For the hand gestures detection part, many investigations have been carried

out and the most notable one is by the Nvidia Team [13]. The authors used depth,

color and stereo-IR sensors to acquire the data. They also used a 3D-CNN (recurrent

three-dimensional convolutional neural network) with connectionist temporal

classification (CTC) to classify 25 gestures. They achieved zero or negative lag and

the accuracy was 83.8% which is very close to human accuracy 88.4%.

4
1.3. The contribution of thesis

This thesis presents research to build a complete system to control a drone

using hand gestures in real-time with high accuracy in recognizing the gestures and

executing the drone’s commands.

The following are the main contributions of this thesis:

• Built a novel and robust system in software to control the drone using hand

gestures.

• To the best of the author’s knowledge, this work is pioneering because it uses

deep learning and Single Shot MultiBox Detector (SSD) as a solution to get high

accuracy in real-time to detect hands from a single RGB image, so there is no

longer a need for any special hardware. Moreover, the author acquired and

labelled the entire dataset during this work.

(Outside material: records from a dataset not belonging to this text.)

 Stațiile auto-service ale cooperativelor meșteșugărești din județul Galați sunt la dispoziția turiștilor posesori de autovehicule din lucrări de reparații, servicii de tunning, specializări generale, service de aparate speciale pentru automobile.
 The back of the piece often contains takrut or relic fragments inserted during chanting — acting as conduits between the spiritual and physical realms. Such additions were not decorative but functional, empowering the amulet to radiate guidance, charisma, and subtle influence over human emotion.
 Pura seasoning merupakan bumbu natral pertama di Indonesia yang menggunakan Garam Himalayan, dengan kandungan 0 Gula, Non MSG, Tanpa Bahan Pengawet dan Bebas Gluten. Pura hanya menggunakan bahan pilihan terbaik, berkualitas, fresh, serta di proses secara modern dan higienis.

• The gesture recognition module is dynamic and was achieved using image

processing techniques, so there is no need to re-train the model if a new gesture

is needed. This work also allows the use of either one or two hand gestures.

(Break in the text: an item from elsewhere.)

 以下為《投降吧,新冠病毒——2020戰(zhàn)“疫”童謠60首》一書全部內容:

• This work is compatible with the Ardupilot [14] flight stack which is very

popular and open source. The system also works with the PX4 [15] or any flight

stack using the MAVLink (Micro Air Vehicle Communication protocol) [16]

messages.

5
1.4. Content Summary

This research focuses on using hand gestures as a HDI method. The images

are acquired from a camera connected to ground-station computer. The proposed

system is purely software and it does not need any special hardware. A deep learning

solution was applied in this thesis to get high accuracy hand detection in real-time.

This thesis is organized in a way to explain deeply each module in the system

and it can be summarized as the following:

• Chapter 1 includes a literature review of the existing research work


related to controlling the drone using hand gestures. It also explains the

contributions of this thesis.

• Chapter 2 explains in detail the first module in the system, Hand


Detector. Moreover, it demonstrates how a deep neural network is

utilized in the module.

• Chapter 3 introduces the defined gestures that this system can understand.
It also describes the problems the system had and how they were solved.

• Chapter 4 focuses on the drone as a system element and highlights some


of the important concepts and terminologies in the drone area. It also

explains the drone controller module in the system.

• Chapter 5 shows results that have been acquired using simulators and
describes the system Graphical User Interface (GUI).

• Chapter 6 provides conclusions and suggests ideas for future research.

6
Chapter 2: Hand Detection

The main purpose for this module is to detect the hands that are shown in

each frame. This goal can be achieved in many different ways with different

accuracies in detecting the hands. For this project, it is extremely critical to a get

real-time behavior with high and acceptable accuracy.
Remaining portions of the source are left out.